And while I understand mothers who commit these crimes are typically mad as f’ing hatters, how they can direct this madness toward their own offspring and, in some cases, consider it altruistic – I will simply never understand.





Only 200? There were 1.21 million in 2005 alone.
Deborah, where did you find that number? Even including cases of infanticide, that is incredibly high.
Angelia, when Amanda graduated college, she went to work at Woodridge but had to leave because she just couldn’t stand the heartbreak. Most of her young patients fortunately had failed at suicide attempts. She told me then that people attempt suicide when they feel they are in such a mess that there is no way out.
Extrapolating on that premise, i would imagine some of these women who kill their children feel there is no one on the earth who would take care of them if the mother were dead. Having had the wonderful of life of love and support i have experienced, i cannot imagine such a thing, and that must be one of the worst feelings in the world.

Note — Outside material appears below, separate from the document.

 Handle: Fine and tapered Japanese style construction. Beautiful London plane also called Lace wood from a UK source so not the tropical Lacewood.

In our family, everyone loves the little ones and wants to care for them. But i hear young women who are my daughters’ and your peers saying their family is of no help to them. Maybe that is what happened here.
On some “cognitive, rational, thinking-person” level, I understand how these women are mentally ill and often believe they are saving their child or maybe think that by dying with the child they preserve the bond. As a thinking person, I realize this.

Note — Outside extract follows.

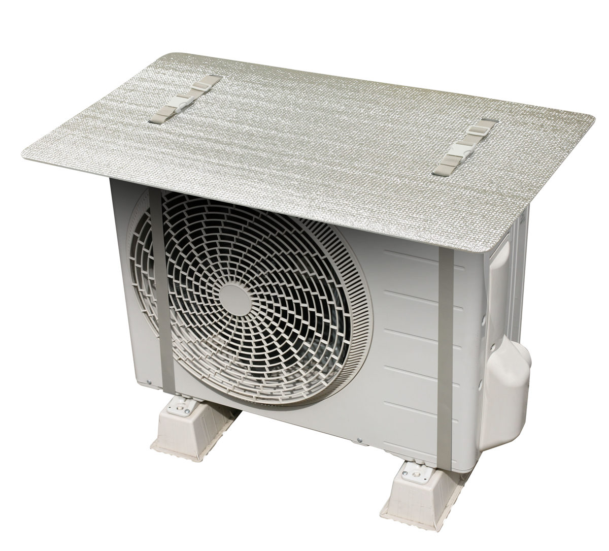 直射日光を反射して室外機を日光から守る室外機の日よけパネルです。室外機が高温になるのを防ぎ、冷房効果が低下するのを防ぎます。室外機が南向きで直射日光が当たる場所に設置してある場合は特に効果を発揮します。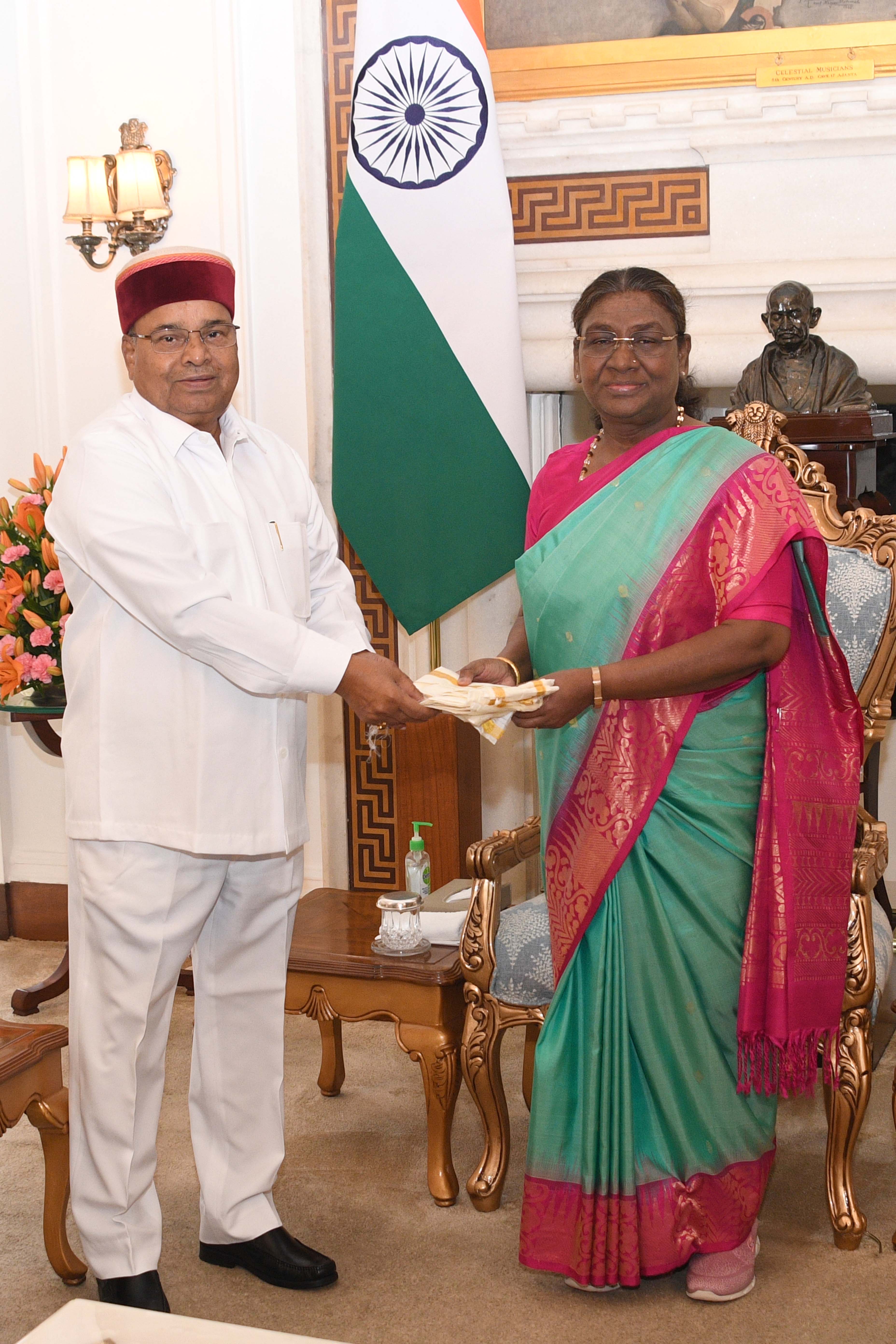 | Caption: | The Governor of Karnataka, Shri Thaawarchand Gehlot called on the President of India Smt. Droupadi Murmu at Rashtrapati Bhavan on July 12, 2024. |

As a mother, the level of madness you must reach in order to kill your own child – one you have nurtured for six years and whom has developed her own personality and awareness of the world, it is unfathomable to me.
Then, I shift back to the thinking-person again and wonder how we, as a whole society, have become so self-absorbed we’ve lost our sense of community and as a result fail to provide the support network these women and children need.

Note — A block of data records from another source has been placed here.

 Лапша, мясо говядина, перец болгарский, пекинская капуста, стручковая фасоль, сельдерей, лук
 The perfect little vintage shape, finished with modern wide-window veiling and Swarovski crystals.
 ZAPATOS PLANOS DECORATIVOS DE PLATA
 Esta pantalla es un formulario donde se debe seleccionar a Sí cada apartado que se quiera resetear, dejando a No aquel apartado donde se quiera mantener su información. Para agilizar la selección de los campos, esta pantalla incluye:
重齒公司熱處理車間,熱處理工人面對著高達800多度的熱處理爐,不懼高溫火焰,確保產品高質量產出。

I know. With our blessings, yours and mine with our families, we cannot even imagine feeling there was nowhere to turn.
I wish we had known her and could have helped.
I personally knew this family. My son was a class mate of Sydney and played together often. The level of mental illness here was unbelievable. There is so much more to this story.
Not only do I mourn the loss of a lovely little girl but I mourn for my sons loss of a friend. The hardest thing I have ever done was to tell my son his friend had passed away in a horrible accident. Keeping it from his was impossible. Television, Radio, and Talk at school made it necessary, unfortunately. Knowing the entire time that the truth was so much worse then anything even I wanted to accept or know.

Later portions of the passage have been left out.